MIKROBIOLOGI INDUSTRI
Disusun Oleh:
i
DAFTAR TABEL
ii
BAB I
PENDAHULUAN
A. Latar Belakang
Wine pada awalnya adalah minuman hasil fermentasi gula yang ada di dalam buah
anggur dari spesies Vitis Vinifera, yang pada proses akhirnya akan menghasilkan berbagai
macam jenis wine seperti Red Wine, White Wine, Rose Wine, Sparkling Wine, Fruit Wine,
Sweet Wine dan Fortified Wine. Namun sekarang sudah banyak orang yang membuat wine
dari berbagai jenis sari buah-buahan lainnya seperti nanas, apel, jeruk, tomat, mangga,
pepaya, pisang, dan lain-lain. Wine yang dibuat dari sari buah selain anggur ini biasanya
memiliki kadar alkohol berkisar di antara 8% - 15% yang disebut sebagai wine buah (fruit
wine). Selain itu jenis wine yang terbuat dari buah anggur yaitu diantara:
i. Red Wine, adalah wine yang dibuat dari anggur merah (red grapes). Red wine ini
membutuhkan waktu fermentasi selama 3 – 5 hari pada suhu 24 – 270C. Beberapa jenis
anggur merah yang terkenal di kalangan peminum wine di Indonesia adalah merlot,
cabernet sauvignon, syrah/shiraz, dan pinot noir.
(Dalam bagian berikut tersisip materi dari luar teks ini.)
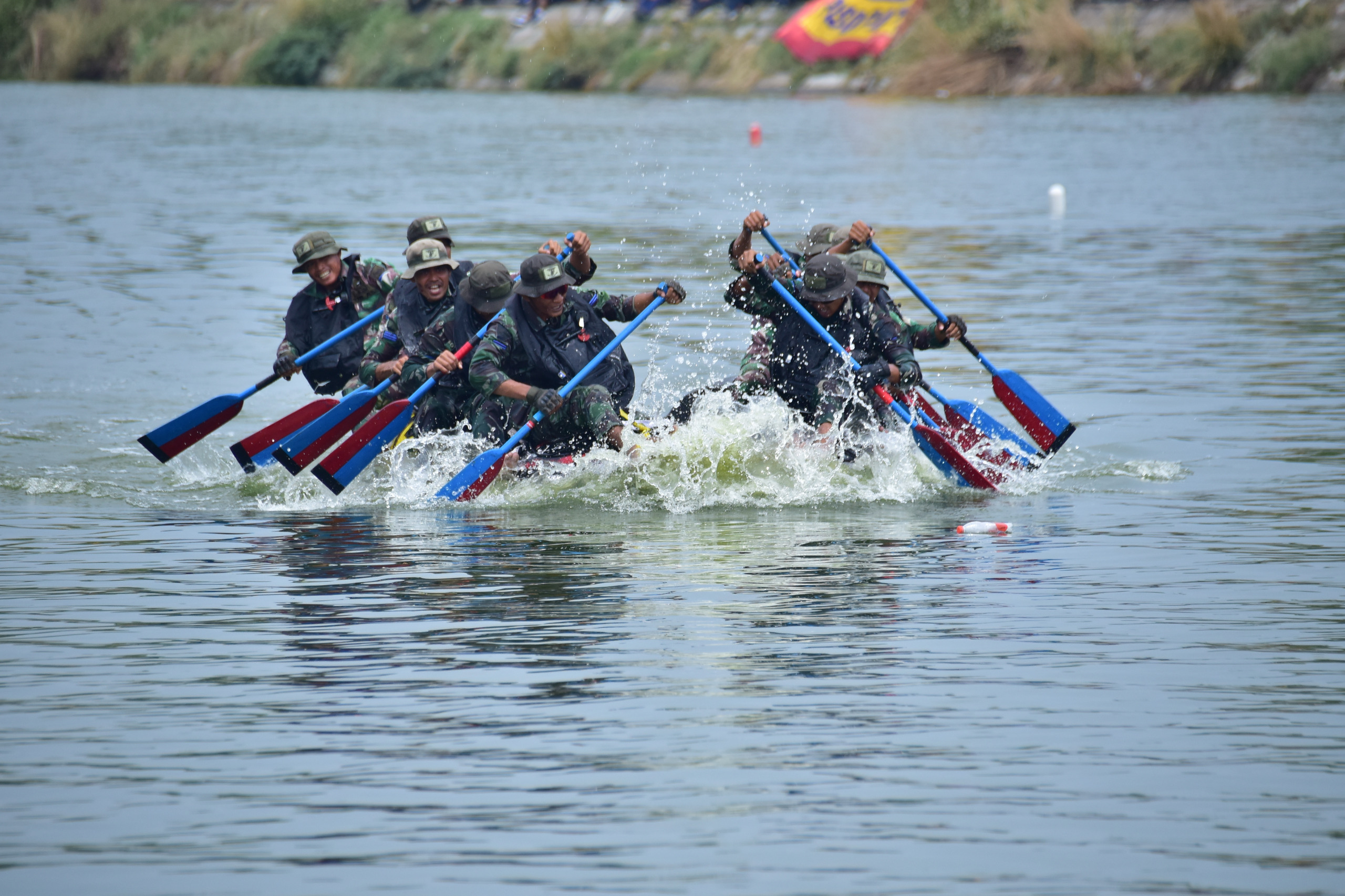 Nampak masyarakat yang menyaksikan berjalannya lomba memberikan dukungannya kepada para Kesatria Baret ungu yang bejuang menjadi yang tercepat dalam Lomba Dayung 1000 meter.

ii. White Wine, adalah wine yang dibuat dari anggur putih (white grape) dan membutuhkan
waktu fermentasi selama 7 – 14 hari pada suhu 10 – 210C. Beberapa jenis white wine
yang terkenal di kalangan peminum wine di Indonesia adalah chardonnay, sauvignon
blanc, semillon, riesling, dan chenin blanc.
iii. Rose Wine, adalah wine yang berwarna merah muda atau merah jambu yang dibuat dari
anggur merah namun dengan proses ekstraksi warna yang lebih singkat dibandingkan
dengan proses pembuatan Red Wine. Di daerah Champagne, kata Rose Wine mengacu
pada campuran antara White Wine dan Red Wine.
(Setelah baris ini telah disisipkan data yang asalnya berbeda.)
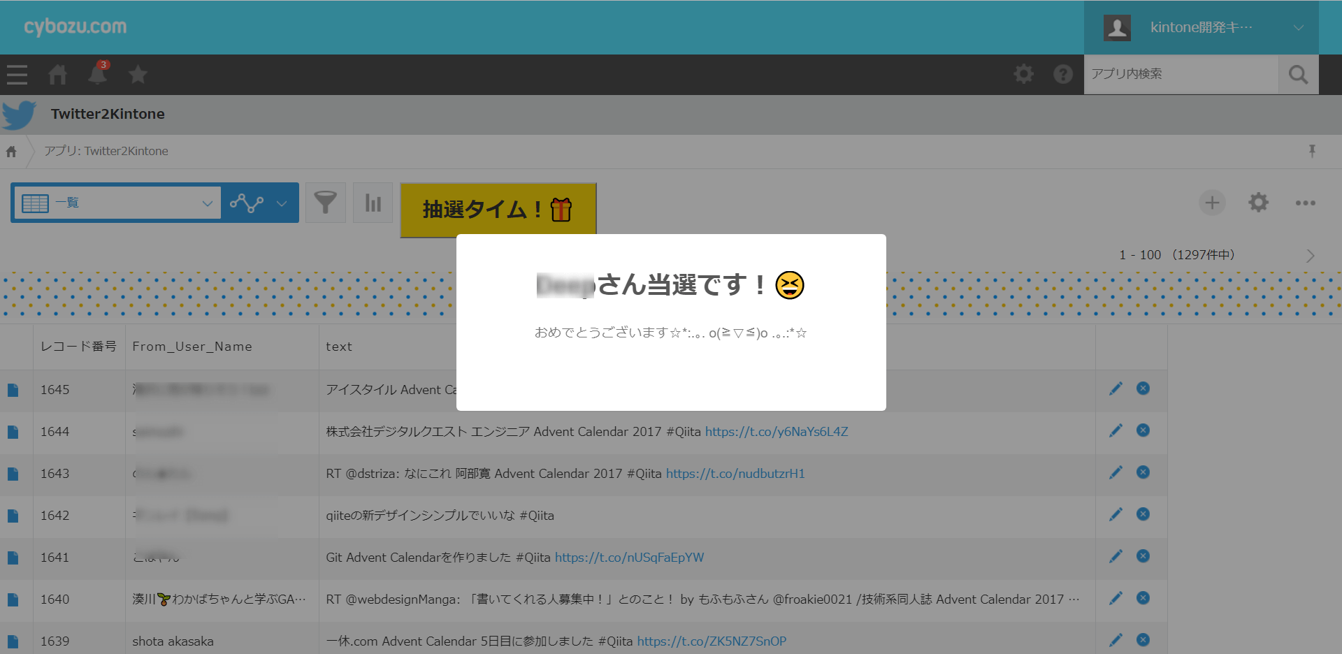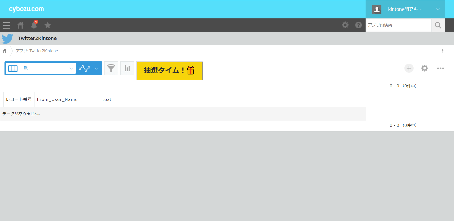 それでは、kintoneのアプリを開いてみましょう。ツイート内容が登録されていれば成功です。

iv. Sparkling Wine, adalah wine yang mengandung cukup banyak gelembung karbon
dioksida di dalamnya. Sparkling Wine yang paling terkenal adalah Champagne dari
Prancis. Hanya Sparkling Wine yang dibuat dari anggur yang tumbuh di desa
Champagne dan diproduksi di desa Champagne yang boleh disebut dan diberi label
Champagne.
v. Sweet Wine, adalah wine yang masih banyak mengandung gula sisa hasil fermentasi
(residual sugar) sehingga membuat rasanya menjadi manis.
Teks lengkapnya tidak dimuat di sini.